> _Data excerpt_:
--*--

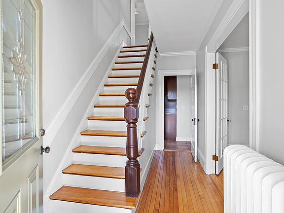 Charming, fully renovated antique with a freshly painted interior, blending character with modern comfort! The spacious kitchen features cherry cabinets, stainless steel appliances, tile flooring, and a sunny eat-in nook surrounded by windows perfect for morning coffee. A formal dining room and cozy living room with French doors create inviting spaces to gather. Enjoy two beautifully updated full baths, first-floor laundry (washer/dryer included), and a handy mudroom. Hardwood floors throughout, plus three generously sized bedrooms upstairs. Relax on the welcoming mahogany front porch or enjoy the large yard with storage shed. Private paved driveway, huge attic and basement for extra space. Nestled on a side street, yet close to everything Hudson has to offer. No Pets. No Smoking. First, Last & Security Deposit required. One-year lease minimum; longer term available. Renter required to have renter's insurance. Available for occupancy now.
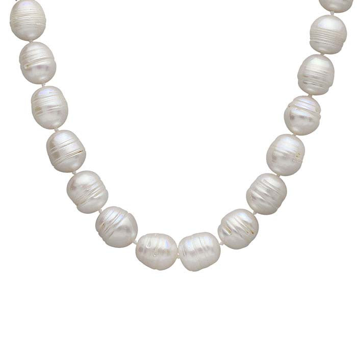 Cultured 10–13mm Ringed Barrel White Pearl Necklace
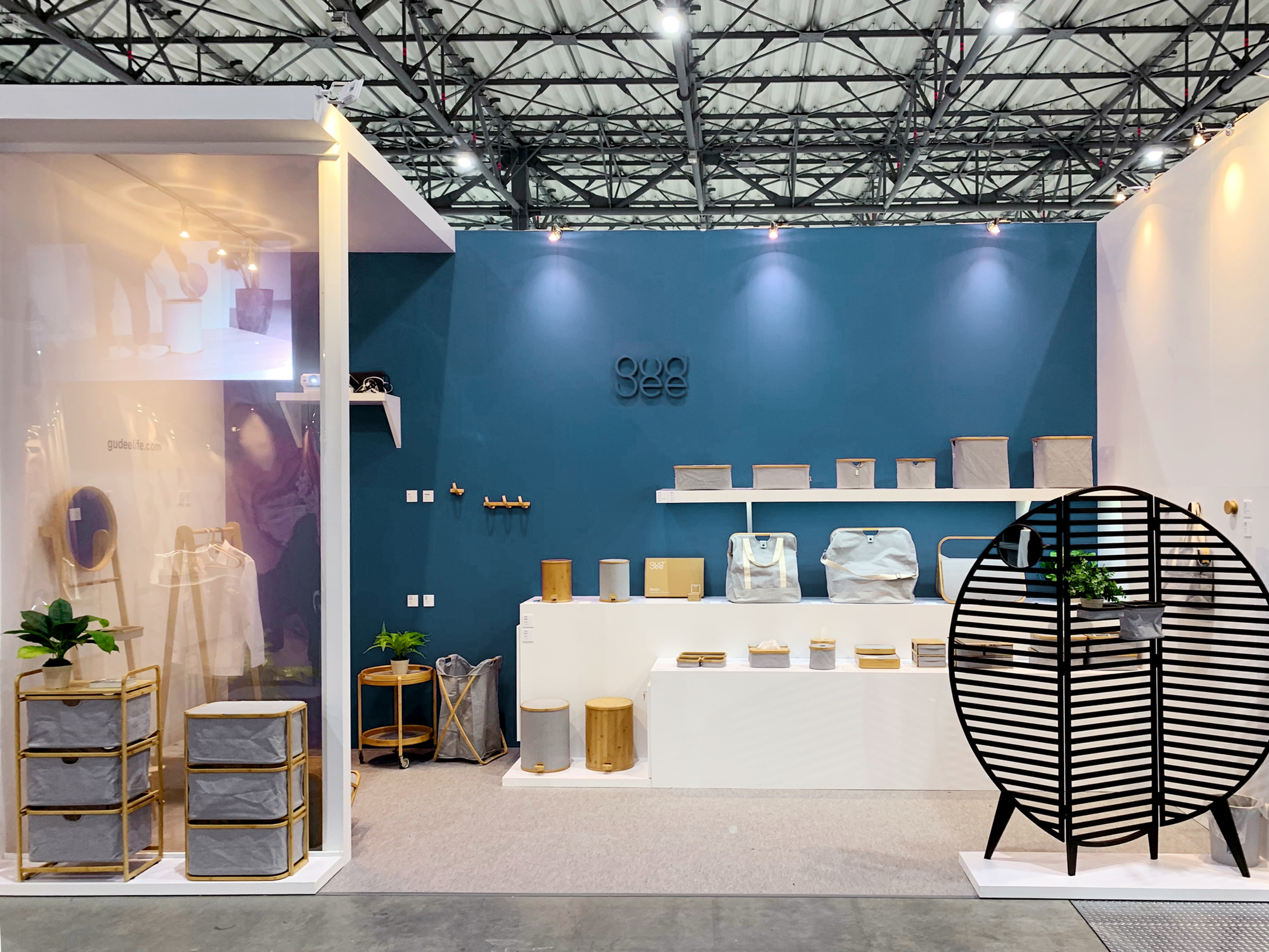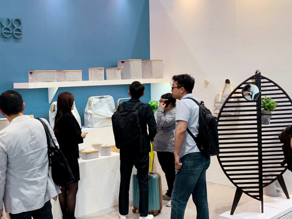 2019 Design Tokyo was held at Tokyo Big Sight, Japan. From the first day of the trade show, Gudee welcomed many visitors and companies to visit its 2019 new collection at booth No. A17-48. Along with our classic storage series which made of natural bamboo and muted tone fabric, we launched ESOBI tissue box and AKORE storage basket collection. Both products have our patent design that make it easy to set up and fold for space-saving. We also brought SPIRO hook which presents our delicate craftsmanship using bamboo material. OTAKA screen has high inquiry from local shop owner, because this eye-catcher is adaptable to fit into small spaces and fulfill different storage function.

--*--

> _Task requirements_:
Give back the data exactly. Pictures stay out.

> _Solution below_:
 Charming, fully renovated antique with a freshly painted interior, blending character with modern comfort! The spacious kitchen features cherry cabinets, stainless steel appliances, tile flooring, and a sunny eat-in nook surrounded by windows perfect for morning coffee. A formal dining room and cozy living room with French doors create inviting spaces to gather. Enjoy two beautifully updated full baths, first-floor laundry (washer/dryer included), and a handy mudroom. Hardwood floors throughout, plus three generously sized bedrooms upstairs. Relax on the welcoming mahogany front porch or enjoy the large yard with storage shed. Private paved driveway, huge attic and basement for extra space. Nestled on a side street, yet close to everything Hudson has to offer. No Pets. No Smoking. First, Last & Security Deposit required. One-year lease minimum; longer term available. Renter required to have renter's insurance. Available for occupancy now.
 Cultured 10–13mm Ringed Barrel White Pearl Necklace
 2019 Design Tokyo was held at Tokyo Big Sight, Japan. From the first day of the trade show, Gudee welcomed many visitors and companies to visit its 2019 new collection at booth No. A17-48. Along with our classic storage series which made of natural bamboo and muted tone fabric, we launched ESOBI tissue box and AKORE storage basket collection. Both products have our patent design that make it easy to set up and fold for space-saving. We also brought SPIRO hook which presents our delicate craftsmanship using bamboo material. OTAKA screen has high inquiry from local shop owner, because this eye-catcher is adaptable to fit into small spaces and fulfill different storage function.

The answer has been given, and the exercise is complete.